The simple thing about Overtune is that it will simply calculate the waveform for Step 1, then add Step N to it as many times as Step #. In the end the tool looks at the wavetable and normalizes it (that practically means that if you have many very low amplitude overtones the main waveform will still be visible and at max volume).. The complex or advanced thing is that, since you have every function in luas math library at your disposal, you can do many cool things with this sinewave. The default functions that the Overtune window fills in generate a kind of ‘Soft Saw’ waveform, but let’s start out with this sine and what we can do with that. For instance, let’s try and make a square wave:

  1. Step 1: math.floor(math.sin(X)/2+1)*2-1
  2. Step N: 0
  3. Step #: 1

Keep this one in mind (or on paper of course), the square wave is really handy for turning (e.g. modulated) math.abs() formulas back into full shape.


Or a ‘real’, full on harsh sawtooth wave:

  1. Step 1: math.atan(math.tan(X/2))/2
  2. Step N: 0
  3. Step #: 1
You can also make one that is actually full-scale (max level sample) with a formula slightly more complex:
  1. Step 1: X/math.pi+(math.floor(math.sin(X)/2+1)*2-1)-1
  2. Step N: 0
  3. Step #: 1

Modulating / Amplifying / Multiplying

Let’s try a waveform that’s 75% procent normal sine, and 25% modulated with another frequency:

  1. Step 1: 0.75*math.sin(X)+0.25*math.sin(X)*math.sin(X*7)
  2. Step N: 0
  3. Step #: 1

Distorting / Clipping

Now, let’s not modulate, but distort that one instead with a triangle wave. First, grab a new instrument, launch Overtune again, and make a very easy modulate-saw:

  1. Step 1: math.mod(X/2/math.pi, 1)

(the other parameters will be the same as last few examples for now)
Alright that’s something.. but I want a double saw, no, actually, a triangle! No problem – you can make it out of this although the formulas are sometimes annoying to type in as fast as you can come up with them.

  1. Step 1: math.mod(X/math.pi, 1)*(math.floor(math.sin(X)/2+1)*2-1)-(math.floor(math.sin(X)/2+1)-1)
Alright, now we do have our triangle to have our resonating sinewave crash into. Edit the overtune and make sure you copy/paste that triangle shaped formula because now you’ll make this crazy one:
  1. Step 1: math.min(math.abs(0.75*math.sin(X)+0.25*math.sin(X)*math.sin(X*7)), math.mod(X/math.pi, 1)*(math.floor(math.sin(X)/2+1)*2-1)-(math.floor(math.sin(X)/2+1)-1))*(math.floor(math.sin(X)/2+1)*2-1)
Cool shapes!! Cool sounds too, especially if you filter envelope it a little bit, add Distortion and some Comb Filtering:
Let’s do something different and try a phase modulated sinewave:
  1. Step 1: math.sin(X*(1-0.25*math.sin(X)))

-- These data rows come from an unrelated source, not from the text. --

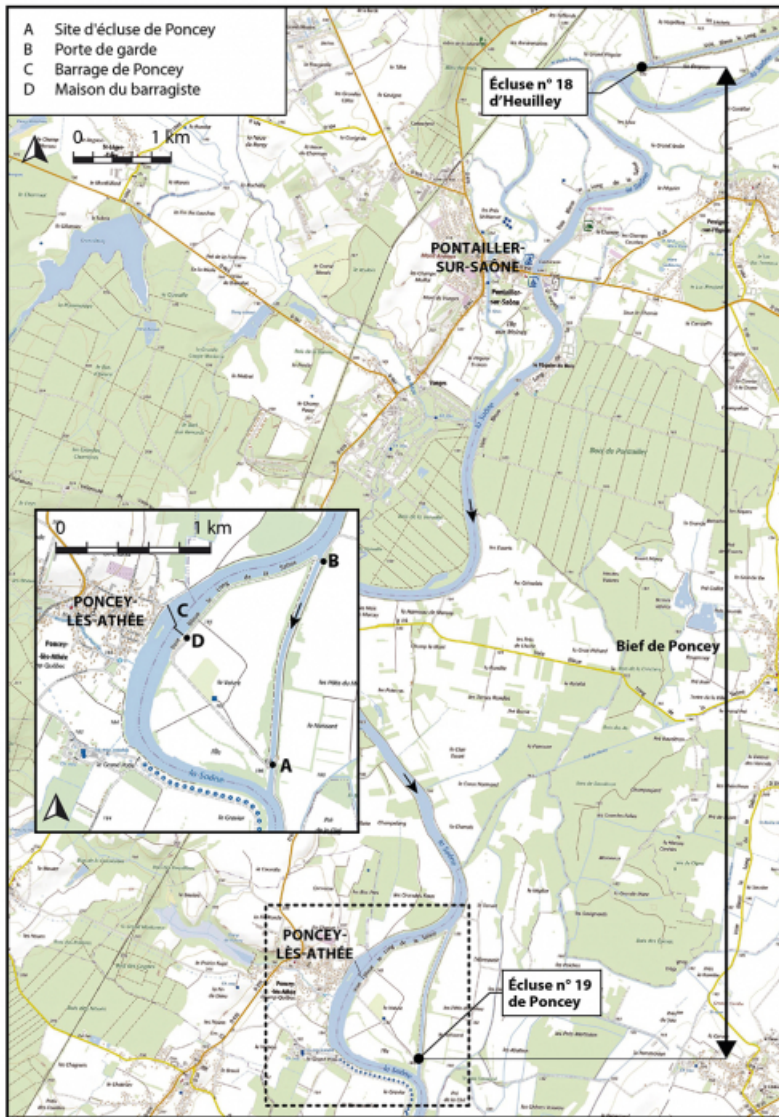
Plan de localisation (1/40 000). Extrait du ScanExpress standard © IGN 2018. 21, Flammerans
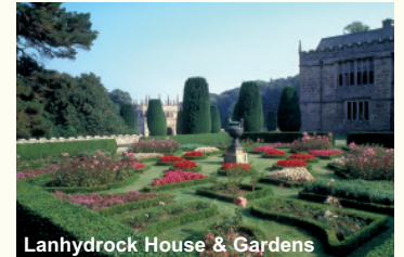
Lanhydrock House & Gardens
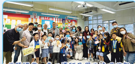
首節課堂，義工導師及學生透過遊戲互相認識！

本年度繼續與香港仔坊會尚融坊林基業中心合辦「童學輕鬆天地課後支援服務」，由義工導師協助指導學生，以一對一的形式進行功課輔導，義工導師亦會因應學生的學習進度及情況協助學生溫習課本，以培養學生的責任感、善良品格及自律性。
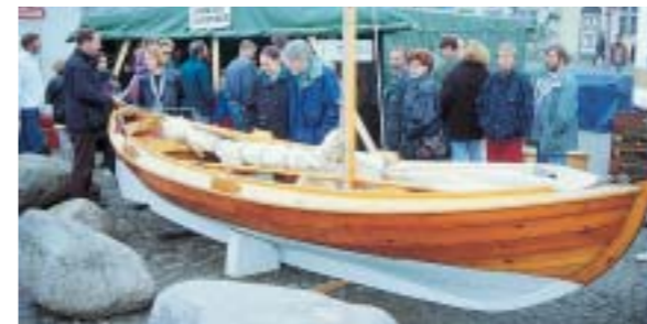
Und alles handgemacht – Staunen über norwegische Bootsbaukunst.

Groovy. Shifted saw is a little more complicated:

  1. Step 1: math.mod(X*(1-.25*math.sin(X/2))/math.pi, 1)+(math.floor(math.sin(X*(1-.25*math.sin(X/2)))/2+1)-1)

Bit Crush

You can also bitcrush stuff yourself with overtune. Try:

  1. Step 1: math.floor(math.sin(X)*31)/31

Frequency Modulation / Drums

Using the ‘phase shift’ technique from before you can also make a simple kickdrum:

  1. Step 1: math.sin(X*9*(X/2/math.pi))

Of course you have to set it to no looping and perhaps transpose like -11. Snare:

  1. Step 1: math.sin(X*9*(X/2/math.pi))*0.8+0.2*math.random()+0.1

I don’t know why the +0.1 is necessary, just is. I’ve made a simple drumkit already, compose purely out of transposed overtune renders. Of course these will be available at some point in the future as well.


Other saw-like characteristics are achievable by having every step phase invert:

  1. Step 1: math.sin(X)
  2. Step N: math.sin(N*X)*((N%2)*2-1)/2^(N-1)
  3. Step #: 5
More Amplification

Use amplification with triangle wave (I have a different folder with mod-instruments now that only have waves with values between 0 and 1 instead of -1 and 1) to make overtones stronger or in this case weaker near the middle:

  1. Step 1: math.sin(X)
  2. Step N: math.sin(N*X)*(1-((math.mod(X/math.pi,1)*(math.floor(math.sin(X)/2+1)-1))))/2^(N-1)
  3. Step #: 5 or 12 or whatever you like

A nifty thing is that with Renoise 2.8 you can also easily take two slightly different ‘overtuned’ waveforms together, and e.g. phase invert one of them and then put them in an instrument on the left & right channel.